Mr. Noto further said that Twitter had witnessed a “nice increase” in video feature numbers and also an increase in direct messages and private chat messages has been observed since December. The users have also cheered the While You Were Away feature.
Apart from the company’s continuous efforts to attract more users, it is trying to make the website user friendly to unknown audience and to new users who find it difficult to understand the website.
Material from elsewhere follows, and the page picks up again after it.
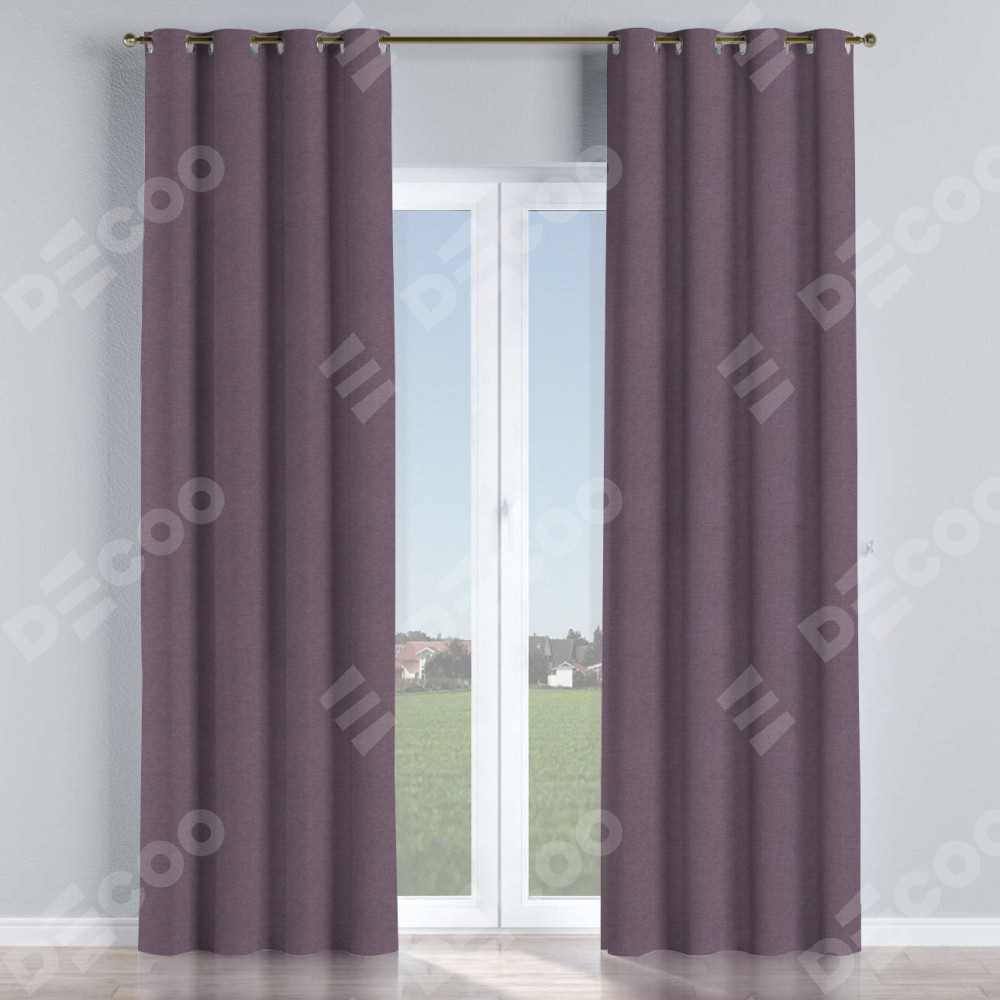 Комплект прямых штор, от производителя «Cortin», пошиты из ткани лён димаут светло-фиолетовый, артикул ткани 83034. Данная модель пошита на люверсах, комплектуется на выбор круглым карнизом и подходит для монтажа на стену или потолок. Прямые шторы на люверсах шьются по стандарту с коэффициентом 1/2 (на 100 см. ширины проёма 200 см. ширины ткани), отличительным преимуществом данной модели является простой способ монтажа. Достаточно повесить ее на трубу и штора готова!

Lately, Twitter has started timelines, which allow fresh users to get feeds depending on their interest, gathered from user’s phone and applications. Therefore, making it easy for new users to search stuff based on their interest.

Wednesday, 4 March 2015

BP plc to face another lawsuit by Ohio over tank cleanup

On Monday, as reported by Bloomberg, a lawsuit has been filed against BP plc by Mike Dewine an attorney General at Ohio and Underground Storage Tank Compensation Board. The state legal representatives accused the company of taking wrongfully an amount of $33 million from the compensation fund and insurers to get rid of the leaks caused by the company’s storage tanks situated at various different gas stations.
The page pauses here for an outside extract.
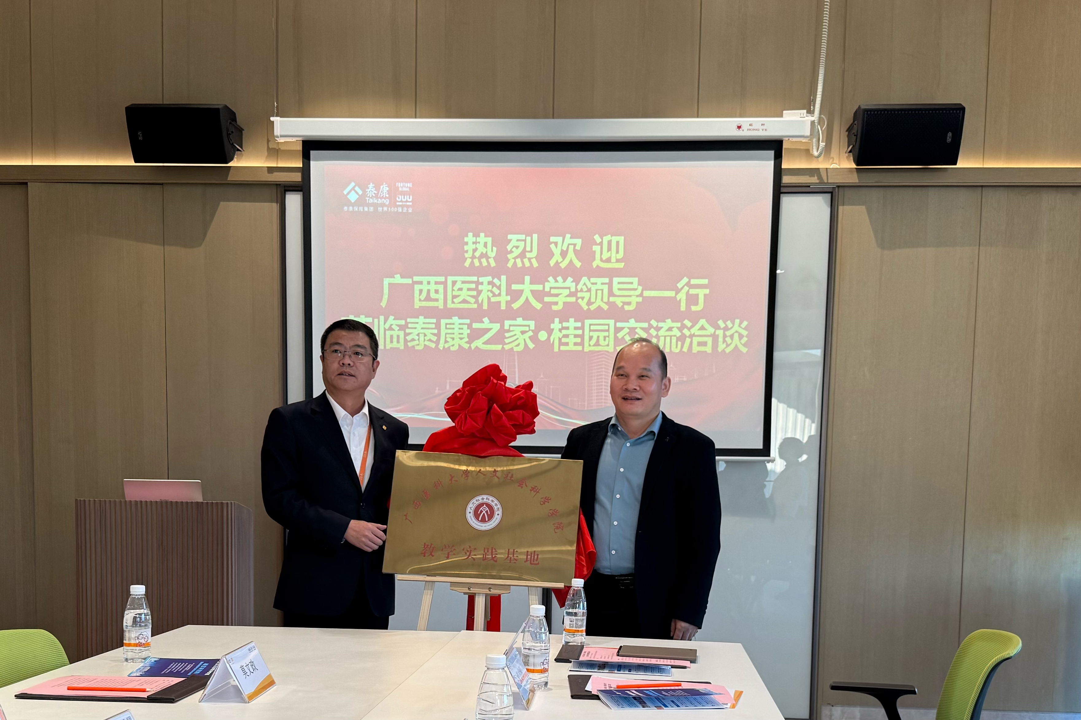 仪式上由泰康之家·桂园人力资源部总监刘玉娟主持。泰康之家·桂园总经理龚珅对学院一行的来访表示热烈欢迎,并介绍了泰康桂园参与本次活动的与会人员。许海东院长就人文社会科学学院的发展历程、学科建设,特别是养老服务管理等相关专业的人才培养情况进行了说明,促进了双方的深入了解。在简短的座谈交流后,双方共同为“广西医科大学人文社会科学学院教学实践基地”揭牌,标志着校企合作步入新阶段。

The British oil major along with Amoco Oil and Atlantic Richfield Co, Standard Oil of Ohio, & Standard oil and affiliates are also involved in the lawsuit filed by the state board. Mr. Dewine mentioning the British oil giant said, it was same as every other company and the company must stick to the laws set by state. He further said, BP should be ready to face the music if it did not do anything about its misconduct.
According to Bloomberg, British Petroleum acquisition has provided the companies a way in to various service stations and underground tanks for storage.
According to Mr. Dewine the insurers fund and state board were built to guard the owners of the tanks with no accidental insurance, and the British oil company has misused the situation for its own purpose. Ohio attorney general said the company put out of sight its insurance and applied for reimbursement of the cleanup cost from the state board. The compensation board told that the company claim of $22 billion is still in the pipeline.
The England based Oil Company, who is already finding it difficult to maintain its liquidity; this is considered as a major setback for them. With declining crude oil prices from past 7 months to almost 50% and BP is still stuck in the oil spill lawsuit, which is still in progress and US Federal court is expected to impose a penalty of $13.7 billion on London oil giant.
The company has now considered value program, based on quality instead of quantity. It has reduced its capital expenditures along with a substantial ct in its workforce. Bearing in mind all these sacrifices, these lawsuits will hurt the company’s reputation in front of its shareholders.
As reported by Wall Street Journal, Jason Ryan a Spokesperson at BP plc. said the company will face the lawsuit and its actions will be based on good faith.
BP plc. Stock was trading at $41.74 at market close on Tuesday after it went up by 1.07%.